In a second report, ATTOM Data Solutions reports that New Jersey and Illinois have the country’s highest concentrations of at-risk markets based on home affordability and foreclosures. The biggest at-risk clusters were New York City, Chicago, and Philadelphia. ATTOM concluded that the South and Northeast are less exposed to market decreases.
Dana Anderson of Redfin reports on the vacation rental market, which may suffer some distress as demand has now dropped to a 7-year low. “Mortgage-rate locks for second homes were down 47% from pre-pandemic levels on a seasonally adjusted basis in August, compared to a 33% decline for primary homes. August marks the 14th-straight month that second-home demand has hovered at least 30% below pre-pandemic levels.”

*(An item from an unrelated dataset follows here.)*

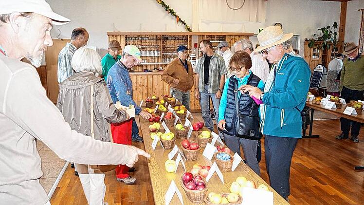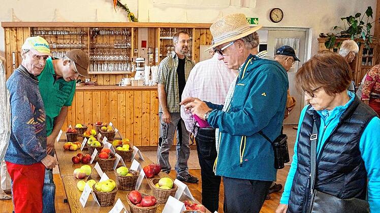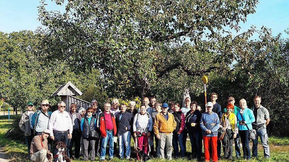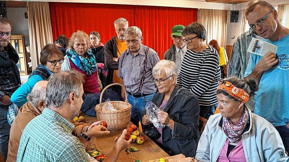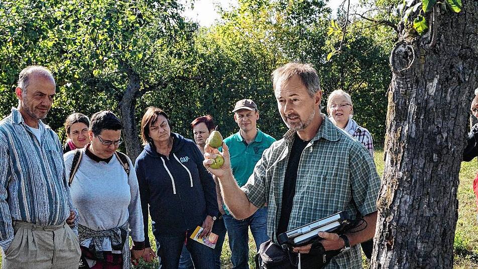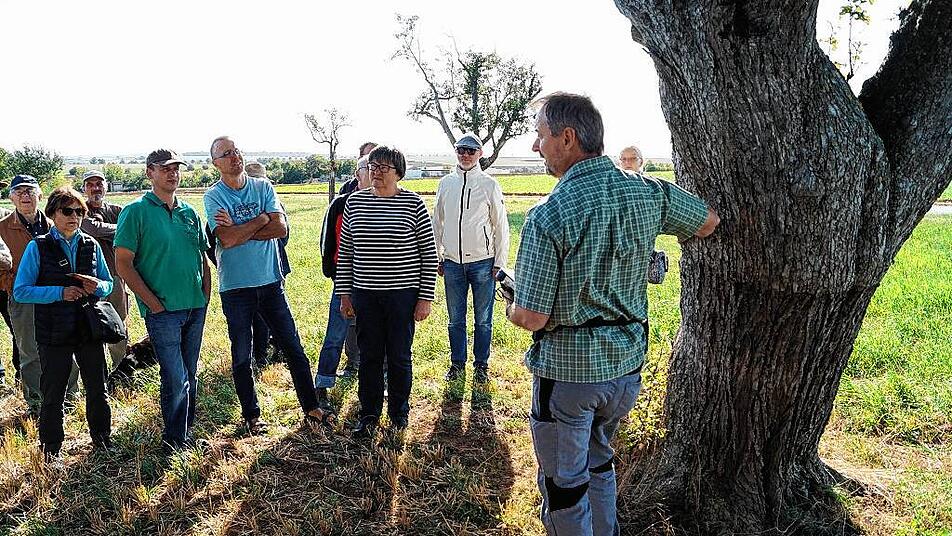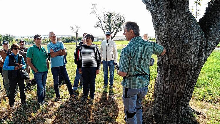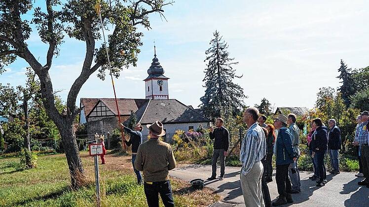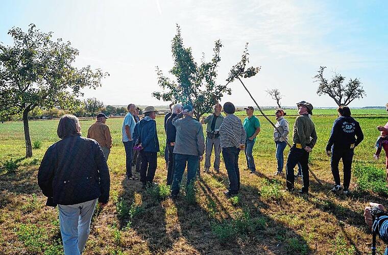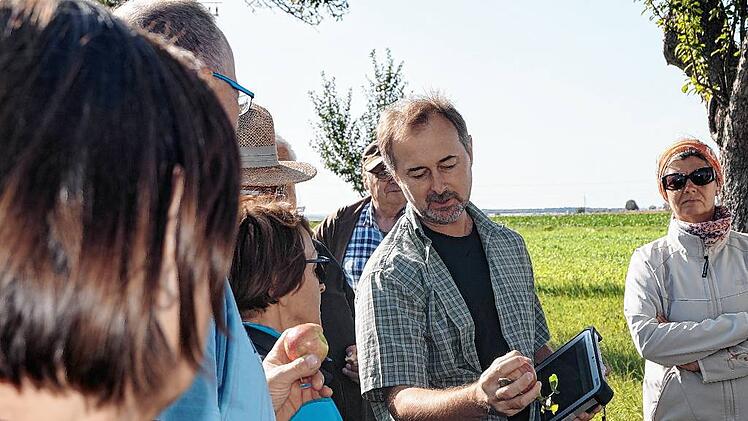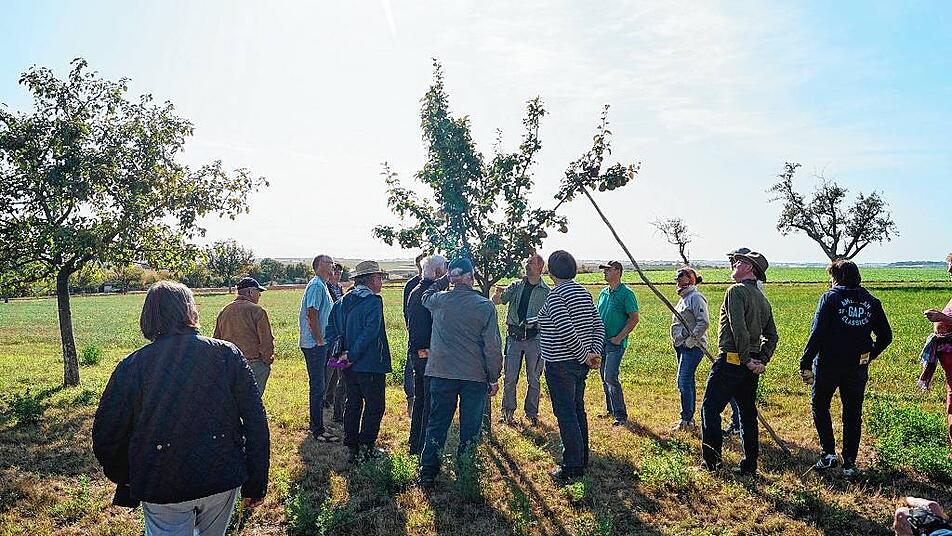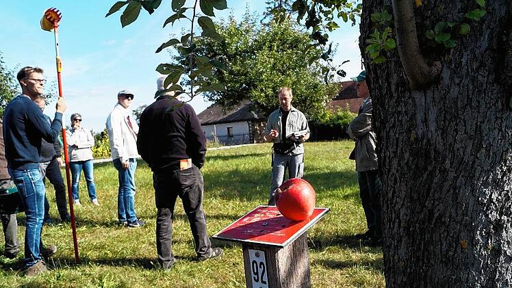 Etwa 30 Frauen und Männer stehen am Ortsrand von Markt Herrnsheim inmitten von Bäumen. Sie sind der Einladung des Landkreises zum Streuobst- und Sortentag gefolgt und hören den Ausführungen von Steffen Kahl aufmerksam zu. Er ist Pomologe, befasst sich also mit Obstsorten und dabei besonders mit dem Streuobst. Gemeinsam mit Jonas Braun vom Landschaftspflegeverband kartiert er derzeit die Streuobstbestände im Landkreis Kitzingen. Die Sorten werden bestimmt, Altersstruktur und Vitalität der Bäume, Unterwuchs und Pflegezustand vermerkt. Die Bürger sind zur Mithilfe aufgerufen: Sie sollen Jonas Braun melden, wie viele und welche Bäume auf ihren Grundstücken stehen.

Source: Redfin (September 2023)
“The allure of second homes has diminished as many companies–including big ones like Amazon, Apple, Disney and JPMorgan– call workers back to the office, at least part of the time…Buying a vacation home to rent it out on a short-term rental site like Airbnb may be less attractive than it once was. Local governments including New York City are instituting new short-term rental regulations, like new taxes and strict permitting, that cut into profits and make the business more difficult.”

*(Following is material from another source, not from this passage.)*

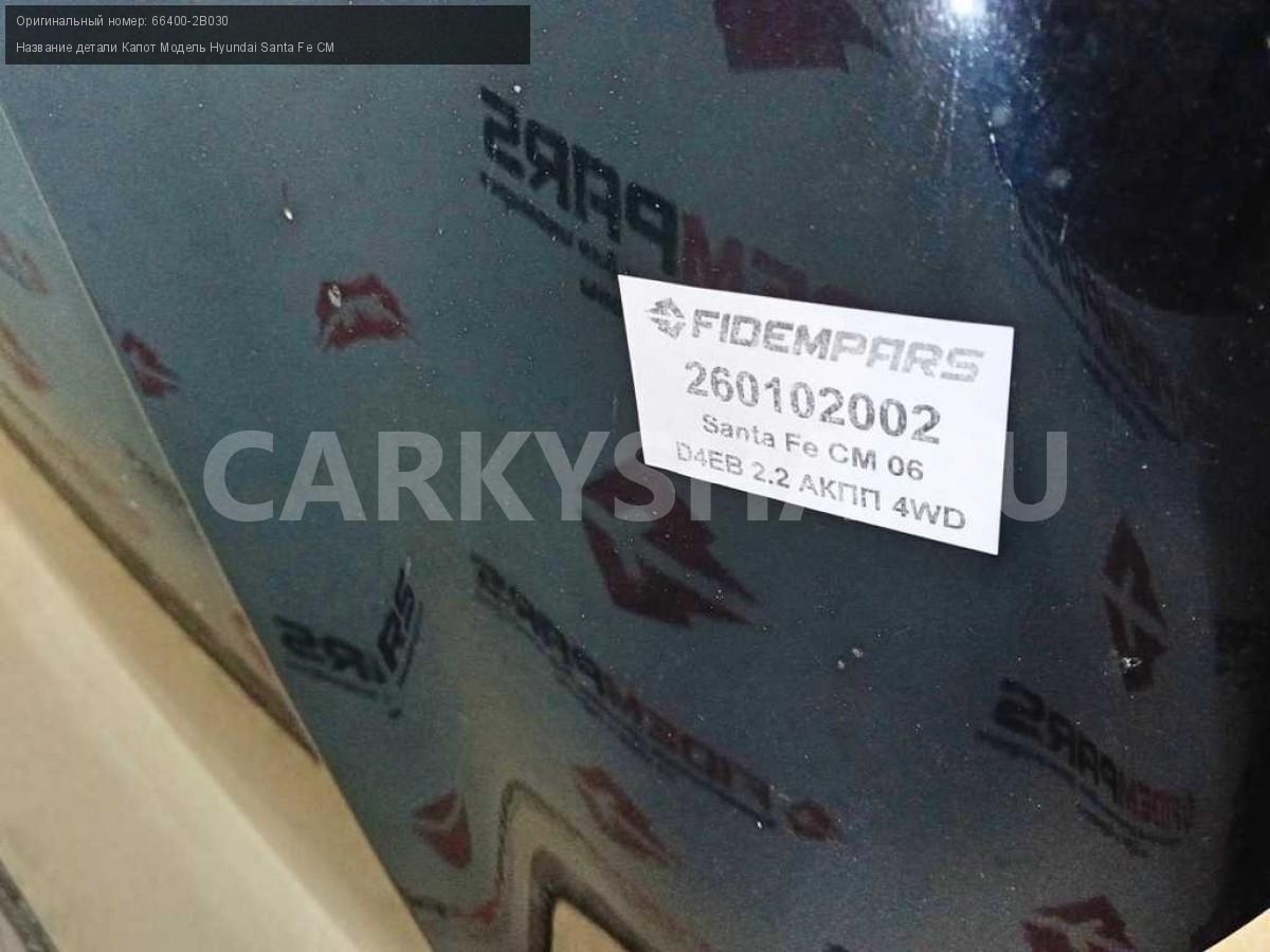 Название детали Капот на Модель Hyundai Santa Fe CM Код краски черный EB. Есть сколы и дефекты лкп. Цена за голый металл 66400-2B030 D4EB 2.2 дизель АКПП - 5 SPEED 4WD 4WD Номер по складу:260102002

Lily Katz, also of Redfin, reports on pending home sales and which markets are experiencing the biggest moves amidst record-high interest rates. Here are some highlights:
- In Boise, ID, pending sales fell 70.5% year over year, more than any other metro Redfin analyzed. Next came Hartford, CT (-57.3%) and New Haven, CT (-55.8%).
- In Bridgeport, CT, closed home sales dropped 25.9% year over year, more than any other metro Redfin analyzed. Next came Stockton, CA (-25.8%) and Tacoma, WA (-25.7%).
- Median sale prices fell in 15 metros, with the steepest declines in Austin, TX (-7%), Boise (-5.8%), and Fort Worth, TX (-2.7%).
- New listings fell most from a year earlier in Hartford (-46.7%), Allentown, PA (-46.6%), and New Haven (-38.8%).